Hacker News new | ask | show | jobs
by scholia 3691 days ago
They accumulate. Every day there are two or three pages you intend to read later, so you leave them open. A month later, you have an extra 100 tabs loaded. After six months, you have 600. There are also clusters of tabs associated with some research you were doing but didn't quite finish.

Then the problem is it would take a couple of days to go through all the waiting tabs and shut them down, and you don't have a couple of days to spare.

Eventually you just save them all out as a session and start again, and hope you will learn from your mistakes ;-)

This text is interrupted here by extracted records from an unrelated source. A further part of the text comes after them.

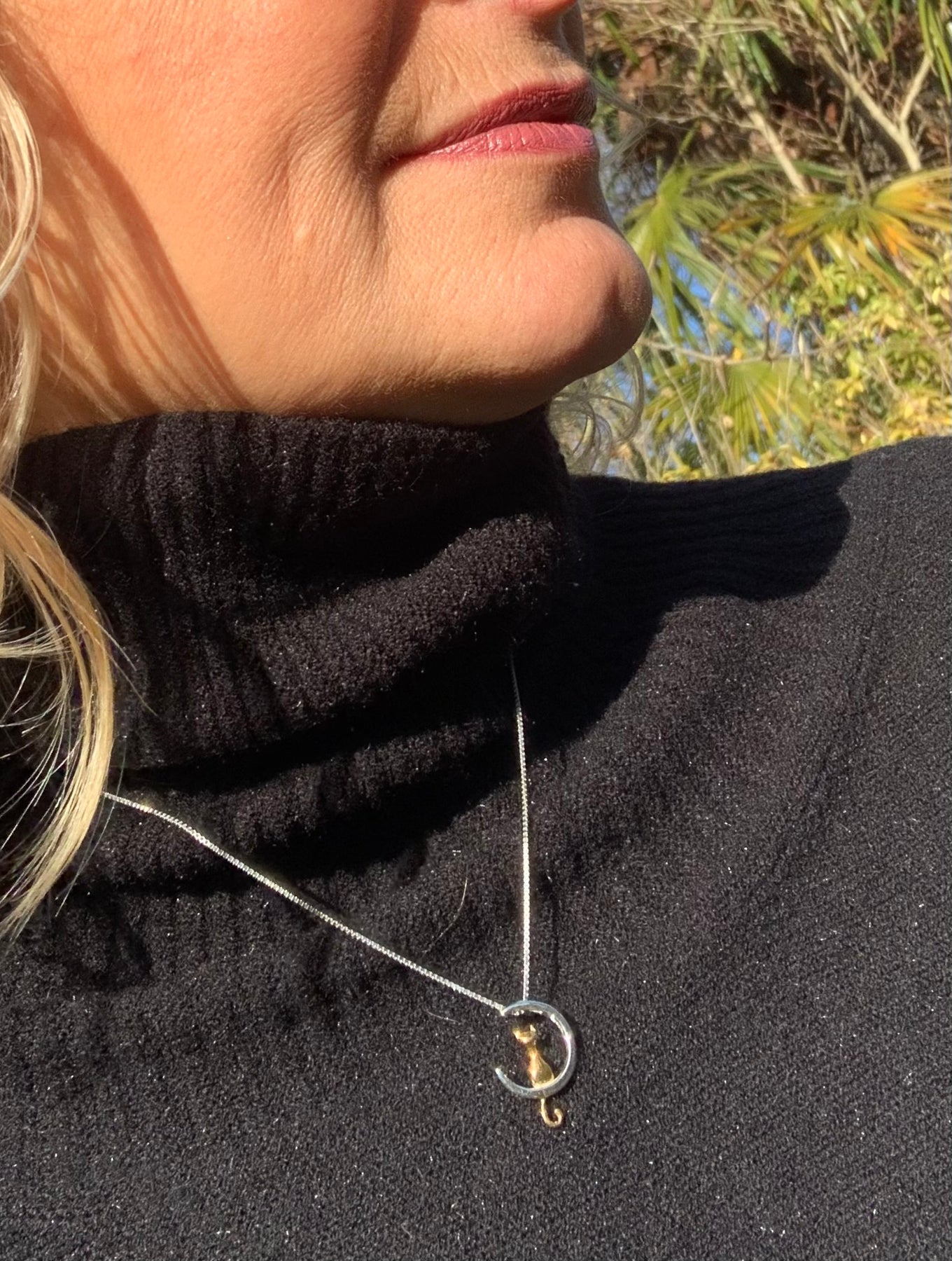 A beautiful Solid Silver Cat Necklet. 18ct Gold vermeil cat .Suspended on a 42cm strong silver box chain. Fitted with a 5cm extension chain.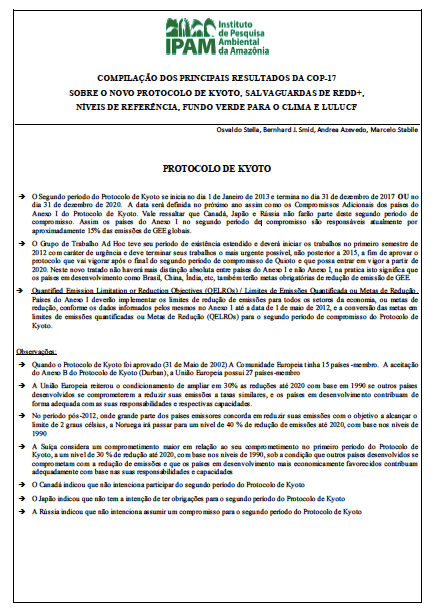 Documento faz uma compilação dos principais resultados da 17ª Conferência das Partes (COP-17) da Convenção-Quadro das Nações Unidas sobre Mudança do Clima, ocorrida entre 09 e 18 de dezembro de 2011, em Durban, África do Sul: o novo Protocolo de Kyoto, Salvaguardas de REDD+, Níveis de Referência, Fundo Verde para o Clima e LULUCF.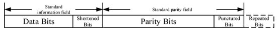 From NCW, Navbits, LLDPC, and R, the SBs Nshrt, PBs Npunc, and RBs Nrep are obtained according to Equations (5)–(7). The Npunc may need to recompute with increment Navbits [1].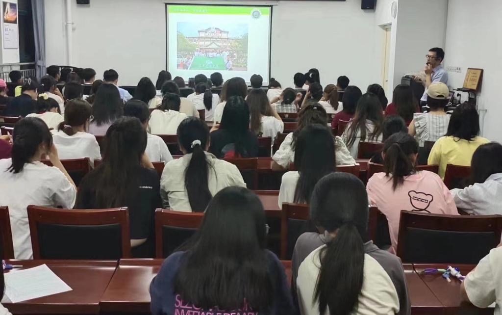 2023年9月19日晚,外国语学院在文学艺术楼402开展了以《看<大国三农>,“麦”向未来》为主题的新生入学主题教育报告,报告由学院党总支副书记吴宏主讲,学院2023级新生参加。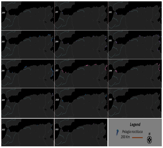 Potential Influences: The overarching tendency suggests that Pelagia noctiluca blooms are more frequent and stronger in the Spring-Summer months, although their magnitude and occurrence can fluctuate significantly from year to year. The years 2014, 1013, 2020, 2022, and 2023 are noted for their huge bloom intensity, while the years 2012, 2015, 2016, and 2017 have considerably lower bloom sizes. Overall, the results from Figure 3 reveal that Pelagia noctiluca blooms tend to peak during the warmer months, particularly in years like 2014, 2013, 2020, 2022, and 2023. However, the decline in bloom activity suggests that factors beyond just temperature and food availability, such as environmental and ecological shifts, could influence the frequency and intensity of jellyfish blooms along the Algerian coast [53,54].

I've switched from FF/Chrome to FF/Vivaldi because it has much better ways to handle tabs and bookmarks than Chrome does. Vivaldi does tab stacking, for example.

3 comments

I'm having the problem right now of hundreds of tabs open on my phone, I context-switch out of the browser when I'm done and end up leaving dormant tabs all over the place. Unfortunately whenever I try to scroll through them to close the non-relevant ones Chrome crashes, usually restoring several of the tabs I'd successfully closed.
There are extensions like Session Manager that list all the tabs after a crash, so you can uncheck the ones you don't want to reload. I don't know if there is one for Chrome on mobile, but it might be worth a look....
Session Buddy for non-mobile Chrome works very well and allows you to do roughly the same thing. I.e. take an saved session, maybe after copying (I think you can do that), and delete the tabs you're not interested in (it does have one level undo), and then only start the remainder, perhaps window by window (on the desktop, at least).
I love session buddy on the desktop, though with javascript off on most pages and 32gb of system memory I have yet to crash chrome from tabs there.
Maybe a 'read later' extension could help you? Something longer-term than a tab, but shorter-term than a bookmark.
That would imply taking a positive action to do something about the tab. I want to just ignore the tab until I need it again. I don't want to treat the tab specially.

My real desk is messy. I mostly know where stuff is buried because I put it there and nobody messes with my desk. I clean it about once a year, usually when a big project is fully done forever. I want the same functionality from my browser.

Yes. What I do now is save the page as an mhtml file so I can read it later without having to find it again. (Chrome should really offer better mhtml support.)
not going to touch an extension

Extensions tend to break with browser updates. Extensions tend to cause slowness. Nobody wants your bug report if you are running an extension.

They sure do accumulate, to the point where by the time you go back to some old tab, and that tab just so happen to be replaced with a window.opener trick, [1] there is no chance of you remembering what was there in the first place, and spotting the fake.